_What you need to do_
In the entries below, find the line containing "Scarica le istruzioni" and the line containing "(Indiana & Ohio)". Copy those two lines and everything between them exactly, without the pictures.

_Provided material_
=== Section Start ===
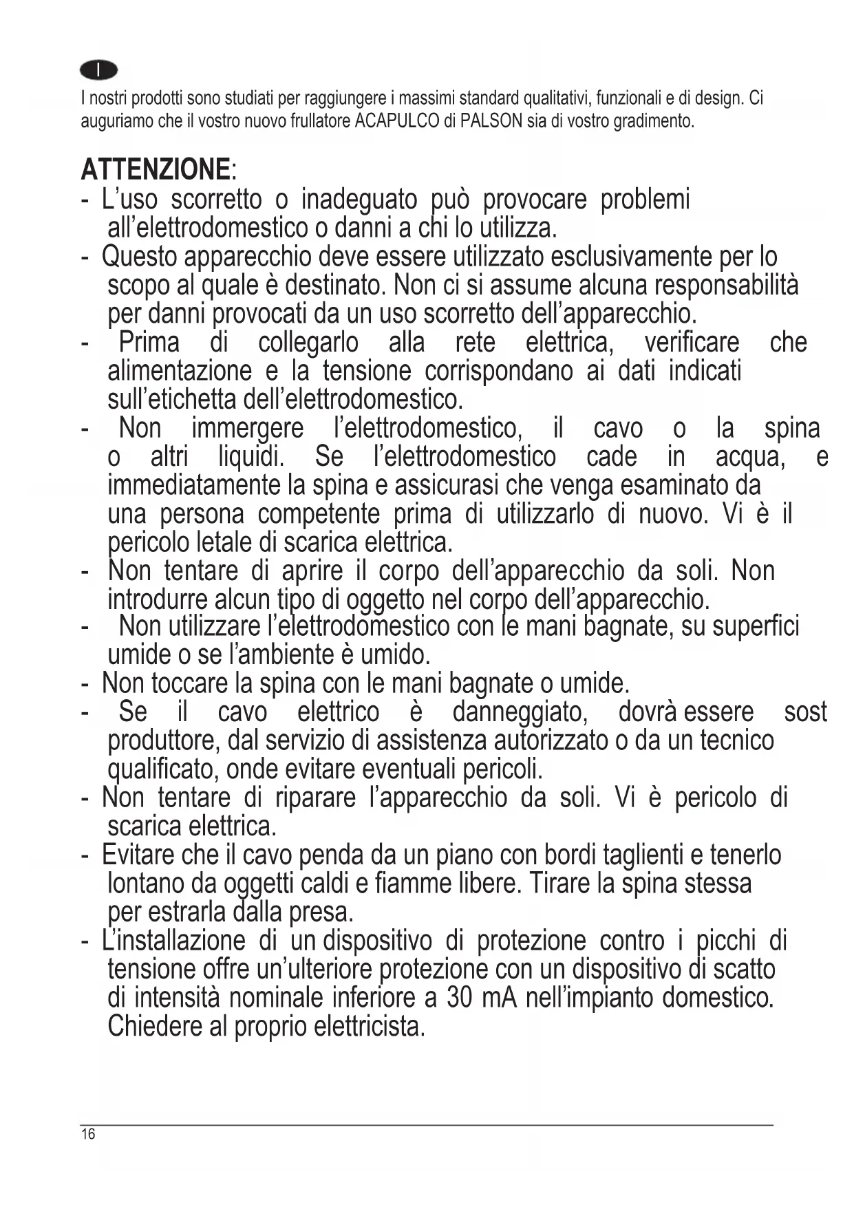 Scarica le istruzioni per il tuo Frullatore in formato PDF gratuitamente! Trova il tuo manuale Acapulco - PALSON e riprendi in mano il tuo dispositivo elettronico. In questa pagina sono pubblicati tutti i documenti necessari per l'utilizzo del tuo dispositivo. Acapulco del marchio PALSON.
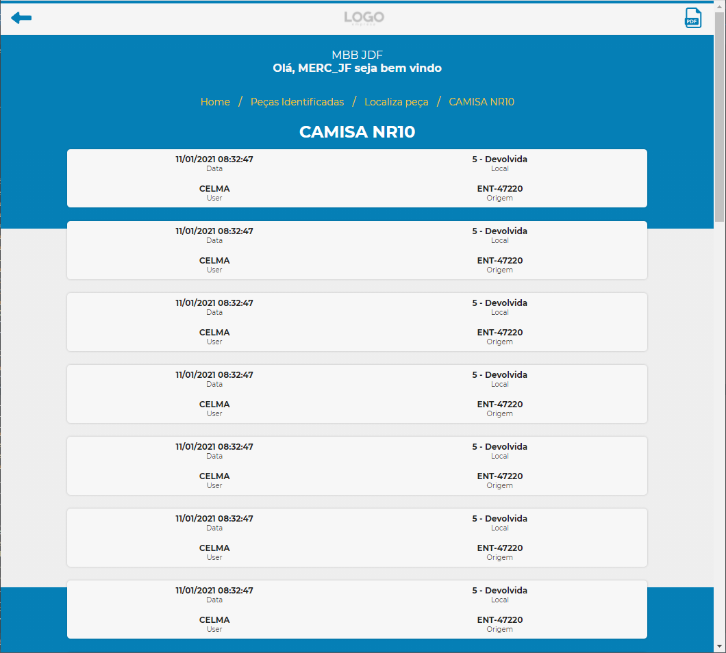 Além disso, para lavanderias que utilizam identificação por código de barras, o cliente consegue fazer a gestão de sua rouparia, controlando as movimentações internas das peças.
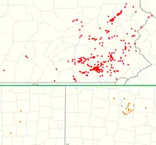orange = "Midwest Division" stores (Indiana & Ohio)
=== Section End ===
=== Section Start ===
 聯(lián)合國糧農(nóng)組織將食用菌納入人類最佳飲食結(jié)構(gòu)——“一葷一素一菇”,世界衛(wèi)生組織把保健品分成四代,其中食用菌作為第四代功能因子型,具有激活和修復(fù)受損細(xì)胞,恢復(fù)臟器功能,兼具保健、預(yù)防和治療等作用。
=== Section End ===
_Response for this exercise_
 Scarica le istruzioni per il tuo Frullatore in formato PDF gratuitamente! Trova il tuo manuale Acapulco - PALSON e riprendi in mano il tuo dispositivo elettronico. In questa pagina sono pubblicati tutti i documenti necessari per l'utilizzo del tuo dispositivo. Acapulco del marchio PALSON.
 Além disso, para lavanderias que utilizam identificação por código de barras, o cliente consegue fazer a gestão de sua rouparia, controlando as movimentações internas das peças.
orange = "Midwest Division" stores (Indiana & Ohio)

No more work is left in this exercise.